# [What to do]
If an entry holds a picture, skip the picture but copy everything else exactly.

# [Data to examine]

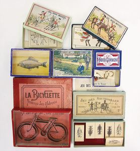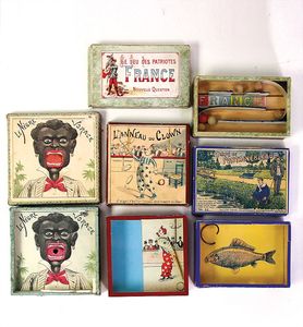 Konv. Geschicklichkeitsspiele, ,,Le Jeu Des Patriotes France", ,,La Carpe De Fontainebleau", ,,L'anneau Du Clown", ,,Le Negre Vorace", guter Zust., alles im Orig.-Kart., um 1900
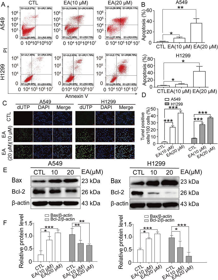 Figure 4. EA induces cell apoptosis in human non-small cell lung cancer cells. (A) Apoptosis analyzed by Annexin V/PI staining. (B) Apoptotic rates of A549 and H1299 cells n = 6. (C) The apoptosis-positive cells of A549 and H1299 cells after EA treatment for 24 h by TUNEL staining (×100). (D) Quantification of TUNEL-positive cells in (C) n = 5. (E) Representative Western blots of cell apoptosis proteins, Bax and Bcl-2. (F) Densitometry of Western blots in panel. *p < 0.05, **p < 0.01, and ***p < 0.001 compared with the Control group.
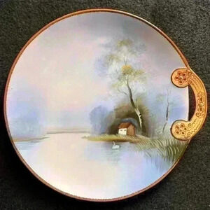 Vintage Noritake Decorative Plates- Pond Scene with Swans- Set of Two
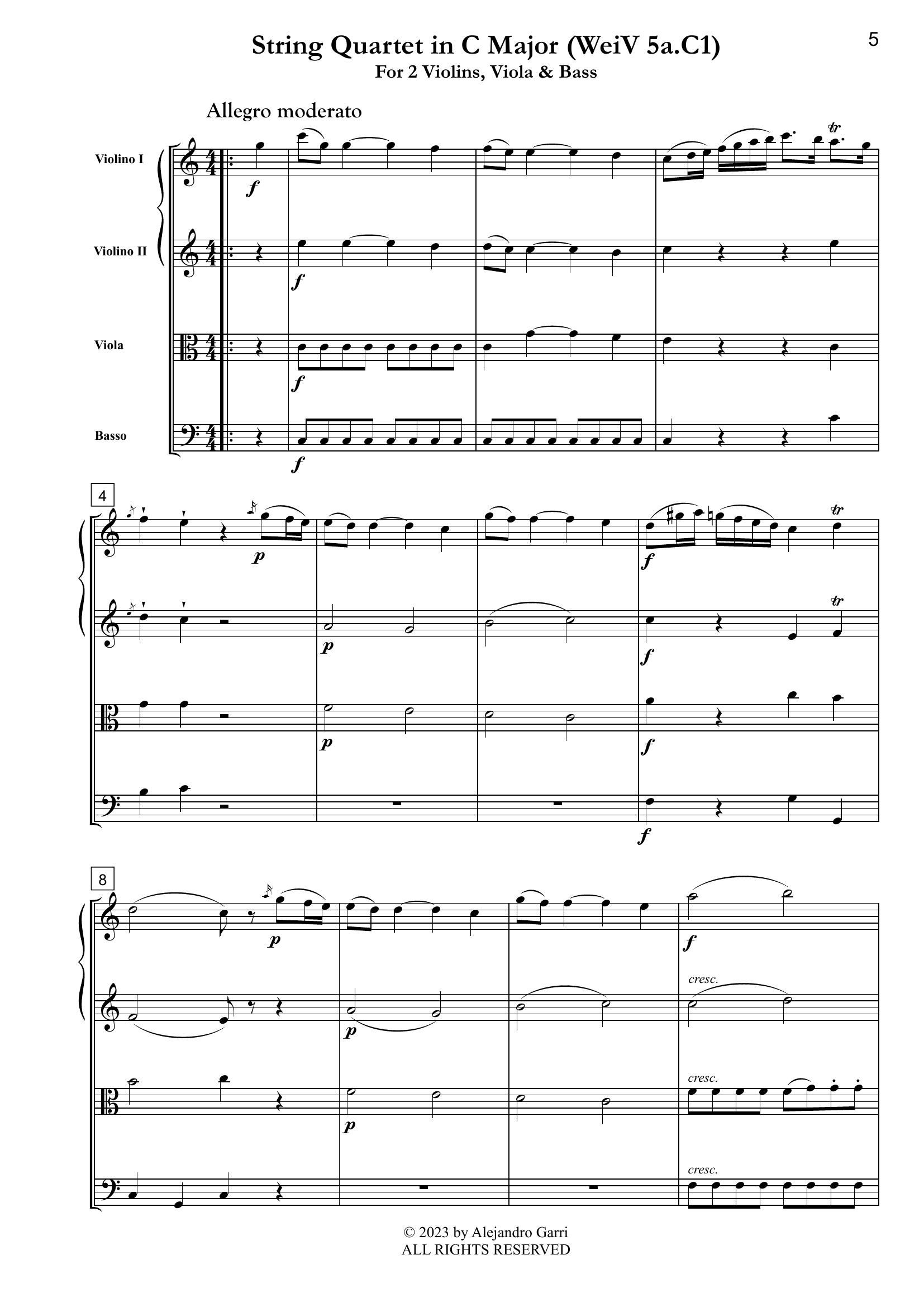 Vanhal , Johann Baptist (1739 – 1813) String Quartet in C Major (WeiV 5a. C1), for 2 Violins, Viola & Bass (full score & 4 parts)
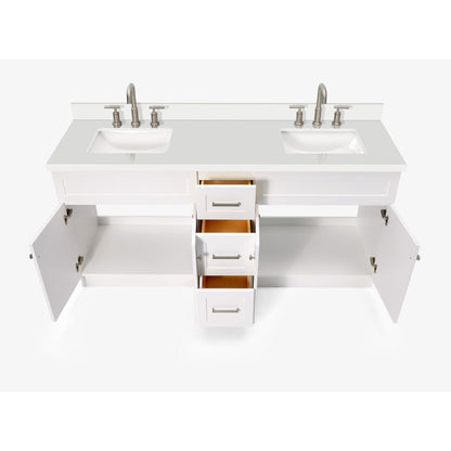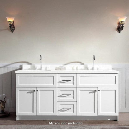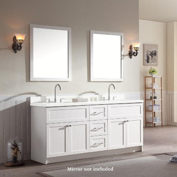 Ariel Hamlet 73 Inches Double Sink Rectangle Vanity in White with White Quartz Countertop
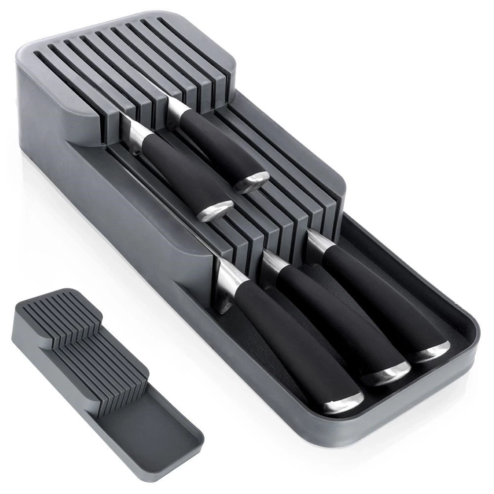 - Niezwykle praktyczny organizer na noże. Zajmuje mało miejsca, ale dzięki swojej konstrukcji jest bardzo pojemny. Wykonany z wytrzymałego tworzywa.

# [Result below]
 Konv. Geschicklichkeitsspiele, ,,Le Jeu Des Patriotes France", ,,La Carpe De Fontainebleau", ,,L'anneau Du Clown", ,,Le Negre Vorace", guter Zust., alles im Orig.-Kart., um 1900
 Figure 4. EA induces cell apoptosis in human non-small cell lung cancer cells. (A) Apoptosis analyzed by Annexin V/PI staining. (B) Apoptotic rates of A549 and H1299 cells n = 6. (C) The apoptosis-positive cells of A549 and H1299 cells after EA treatment for 24 h by TUNEL staining (×100). (D) Quantification of TUNEL-positive cells in (C) n = 5. (E) Representative Western blots of cell apoptosis proteins, Bax and Bcl-2. (F) Densitometry of Western blots in panel. *p < 0.05, **p < 0.01, and ***p < 0.001 compared with the Control group.
 Vintage Noritake Decorative Plates- Pond Scene with Swans- Set of Two
 Vanhal , Johann Baptist (1739 – 1813) String Quartet in C Major (WeiV 5a. C1), for 2 Violins, Viola & Bass (full score & 4 parts)
 Ariel Hamlet 73 Inches Double Sink Rectangle Vanity in White with White Quartz Countertop
 - Niezwykle praktyczny organizer na noże. Zajmuje mało miejsca, ale dzięki swojej konstrukcji jest bardzo pojemny. Wykonany z wytrzymałego tworzywa.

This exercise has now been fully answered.